■ **Exercise data**
──────

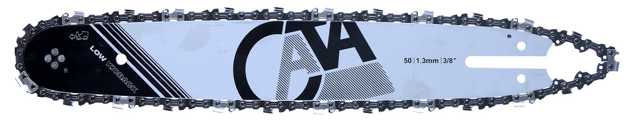 Sada vodicí lišty a dvou řetězů na motorovou pilu 14″ (35 cm), 50 článků, rozteč 3/8″, tloušťka i šířka zubu 1,3 mm. Kompatibilní s pilami Demon, Stihl, Alpina, Elletra, Energy, Sinergy a Oleo-Mac.
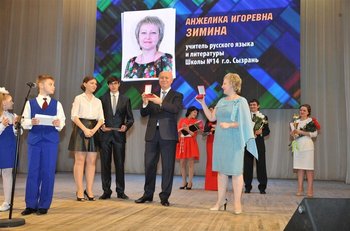 В Самарской государственной филармонии прошла церемония подведения итогов конкурса \”Учитель года Самарской области\”-2016. Обладателем титула стала учитель русского языка и литературы школы №14 Сызрани Анжелика Зимина, которая за победу в конкурсе получила из рук губернатора Самарской области Николая Меркушкина ключи от машины.
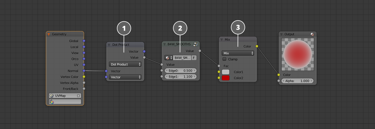 The Fresnel effect is based on the Dot Product (1) node with the value of the vector being [0,0,1]. The image is then compressed a bit (2) using a dedicated SmoothStep node. After this, a color is applied to the image.

──────

■ **Your task**
Take the lines from the one holding "В Самарской государственной" through the final line of the listing above and copy them exactly, both ends included, with no pictures.

■ **Task output**
 В Самарской государственной филармонии прошла церемония подведения итогов конкурса \”Учитель года Самарской области\”-2016. Обладателем титула стала учитель русского языка и литературы школы №14 Сызрани Анжелика Зимина, которая за победу в конкурсе получила из рук губернатора Самарской области Николая Меркушкина ключи от машины.
 The Fresnel effect is based on the Dot Product (1) node with the value of the vector being [0,0,1]. The image is then compressed a bit (2) using a dedicated SmoothStep node. After this, a color is applied to the image.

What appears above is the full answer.